Nah, it's got Doug written all over it. But its influence on me—and on Dothraki in particular, whether consciously or unconsciously—is evident. Skerre is one of the first languages that caught my attention on the Conlang-L when I joined almost fifteen years ago, and since I've been friends with Doug, I've been privileged to see it grow and evolve. In particular, corresponding with Doug has helped me to be the conlanger I am today. Doug takes the craft very seriously, and brings all his knowledge as a linguist to bear on each aspect of the language.

I should also mention that the name he uses for all his examples—Tsotar—has to be one of my all-time favorite names. If I have a son, I probably...won't get to name him. (My wife's made that quite clear.) But if I have five sons, I'm sure by then my wife won't care, so rest assured, my fifth son shall be named Tsotar!

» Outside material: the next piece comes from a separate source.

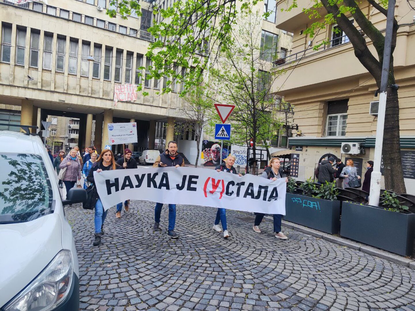 Studenti u blokadi stoje na ulici i šetaju, uprkos kiši koja je padala tokom noći i jutra, a kako su najavili zbog Velikog petka danas neće praviti buku pištaljkama i vuvuzelama.
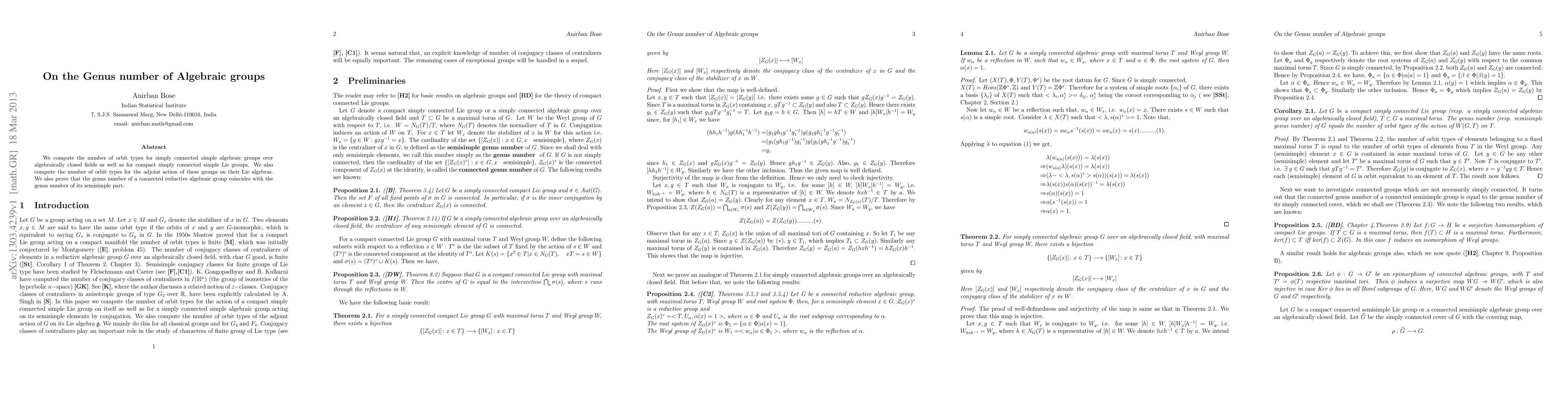 We compute the number of orbit types for simply connected simple algebraic groups over algebraically closed fields as well as for compact simply connected simple Lie groups. We also compute the number of orbit types for the adjoint action of these groups on their Lie algebras. We also prove that the genus number of a connected reductive algebraic group coincides with the genus number of its semisimple part.

Also, in a bit of random trivia, Doug was actually the inspiration for this award—the Smiley. After LCC1, I did a write-up on the conference, and gave Doug a made-up award designed in my AppleWorks paint program for finishing his talk on time (everyone else ran over). It was shortly after that that I thought I might as well give out a conlang award, since no one else was going to do it, and the hard, creative work conlangers do deserves to be recognized, at least once. It's only fitting that Doug should also take home a Smiley Award.

And so, congratulations, Doug! Thank you for Skerre, and thank you for our decade-long conlang correspondence. You're the best!

A picture of me and Doug as I presented him with the 2014 Smiley Award.